I did binary searches on the versions in the repository and found that
revision 1508 is the first one with the memory leaks; then somewhere
between 1538 and 1591, the leaks got a fair bit worse.  From examining the
diffs between the revisions, it's clear that the leaks are associated with
the dynamically allocated mp_number_data structure.  Every time a number
is created throughout MetaPost, one of these structures gets dynamically
allocated.  Very little effort is made to ever de-allocate them.  On my
test program (which is just a few nested loops with an assignment inside)

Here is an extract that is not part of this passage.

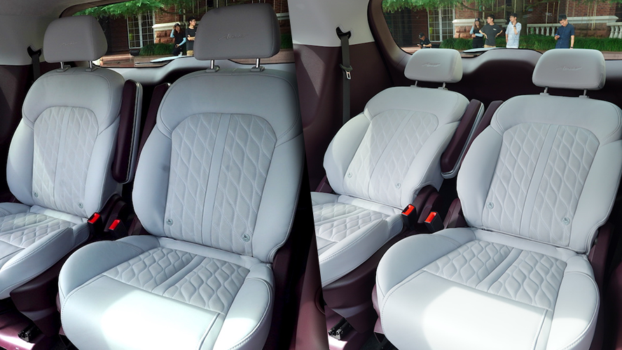 它不仅是独立的座椅设计和一二排的座椅一样,都采用的是Nappa的皮质包裹,并且还能够实现前后移动,座椅靠背能调节为半躺状态,更离谱的是,它还配备了座椅通风/加热的功能,细节之处还新增了第三排阅读灯,真正意义做到全车无差别待遇。

MetaPost leaks about 25 mp_number_data structures per iteration, filling
the 32-bit memory space in about 4 million iterations.  I'm really quite
surprised that this code ever made it to check-in, let alone remaining
unfixed for more than half a year.

I instrumented the code to write a line to standard output every time it
allocates or de-allocates an mp_number, stating the address of the object
and the line number where the (de)allocation occurs.  Then I used Perl to
match allocations with deallocations and show me the line numbers on which
there were objects allocated that never got deallocated, and how many such
objects on each line.  That gave me some idea of where the leaked memory
was being allocated, and the relative speeds of the different leaks,
although it still wasn't clear where it ought to be deallocated.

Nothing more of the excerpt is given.